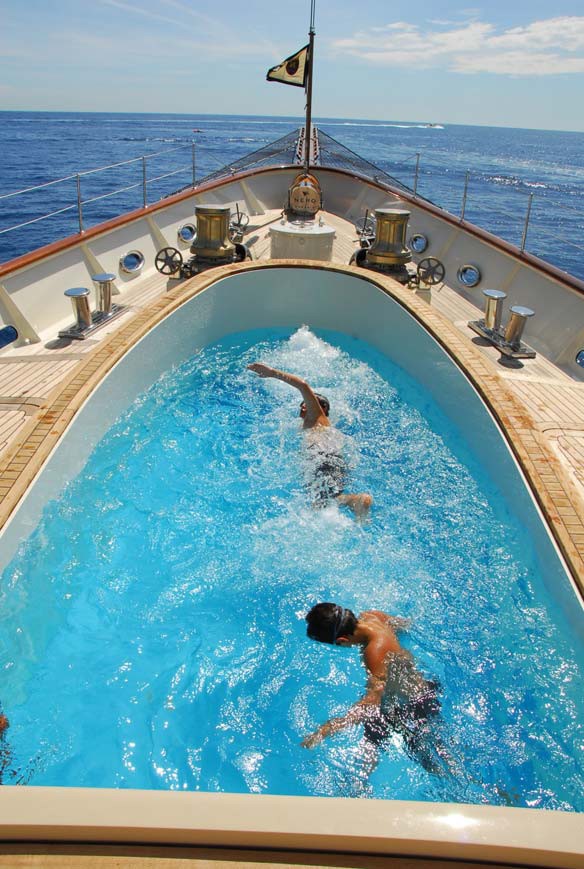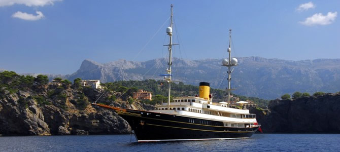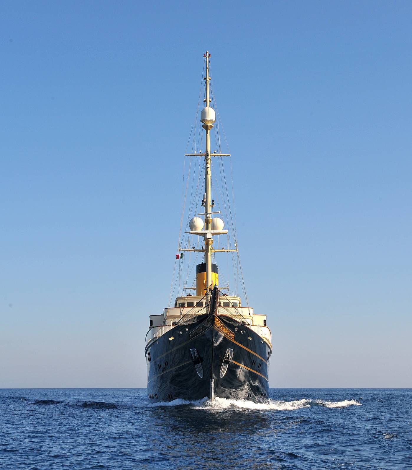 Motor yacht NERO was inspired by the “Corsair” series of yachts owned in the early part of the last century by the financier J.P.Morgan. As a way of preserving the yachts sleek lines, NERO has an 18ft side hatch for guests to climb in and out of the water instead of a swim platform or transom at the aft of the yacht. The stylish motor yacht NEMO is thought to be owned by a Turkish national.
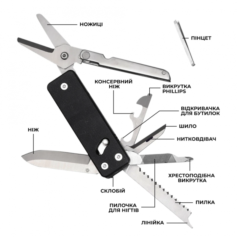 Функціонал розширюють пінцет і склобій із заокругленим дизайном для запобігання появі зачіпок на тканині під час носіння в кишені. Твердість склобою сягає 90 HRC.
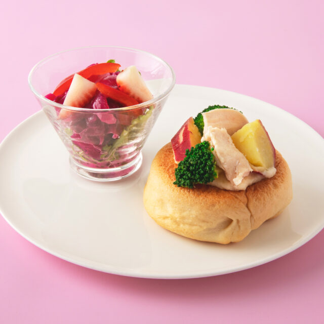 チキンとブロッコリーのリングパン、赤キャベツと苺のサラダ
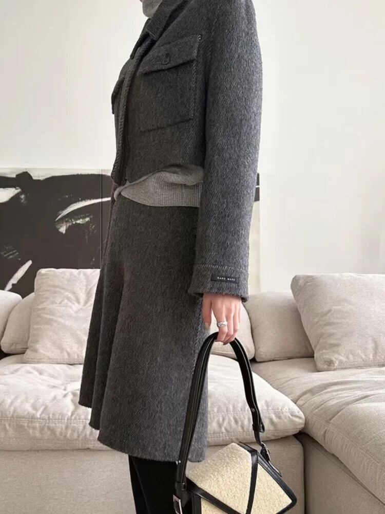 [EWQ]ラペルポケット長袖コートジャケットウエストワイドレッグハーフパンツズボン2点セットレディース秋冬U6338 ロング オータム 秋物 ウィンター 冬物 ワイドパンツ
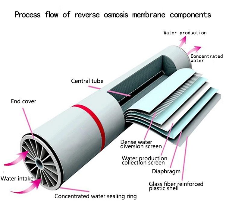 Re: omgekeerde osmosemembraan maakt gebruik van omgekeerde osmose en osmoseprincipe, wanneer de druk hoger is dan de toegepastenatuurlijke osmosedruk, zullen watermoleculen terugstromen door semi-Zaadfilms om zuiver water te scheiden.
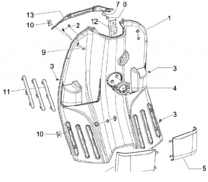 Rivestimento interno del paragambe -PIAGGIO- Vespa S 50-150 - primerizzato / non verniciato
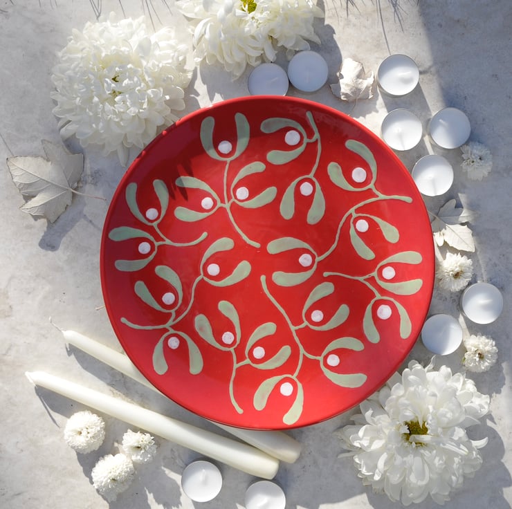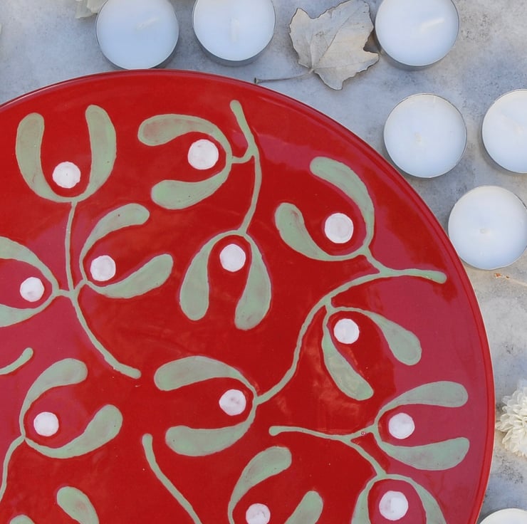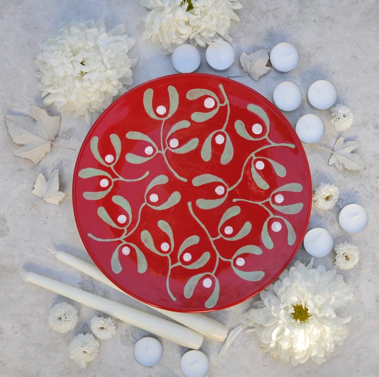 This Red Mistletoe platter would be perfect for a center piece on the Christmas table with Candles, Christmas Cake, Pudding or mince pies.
******************************
#### [Required action]
All lines above are to be restated word for word, with pictures excluded.

#### [Solution for this task]
 Motor yacht NERO was inspired by the “Corsair” series of yachts owned in the early part of the last century by the financier J.P.Morgan. As a way of preserving the yachts sleek lines, NERO has an 18ft side hatch for guests to climb in and out of the water instead of a swim platform or transom at the aft of the yacht. The stylish motor yacht NEMO is thought to be owned by a Turkish national.
 Функціонал розширюють пінцет і склобій із заокругленим дизайном для запобігання появі зачіпок на тканині під час носіння в кишені. Твердість склобою сягає 90 HRC.
 チキンとブロッコリーのリングパン、赤キャベツと苺のサラダ
 [EWQ]ラペルポケット長袖コートジャケットウエストワイドレッグハーフパンツズボン2点セットレディース秋冬U6338 ロング オータム 秋物 ウィンター 冬物 ワイドパンツ
 Re: omgekeerde osmosemembraan maakt gebruik van omgekeerde osmose en osmoseprincipe, wanneer de druk hoger is dan de toegepastenatuurlijke osmosedruk, zullen watermoleculen terugstromen door semi-Zaadfilms om zuiver water te scheiden.
 Rivestimento interno del paragambe -PIAGGIO- Vespa S 50-150 - primerizzato / non verniciato
 This Red Mistletoe platter would be perfect for a center piece on the Christmas table with Candles, Christmas Cake, Pudding or mince pies.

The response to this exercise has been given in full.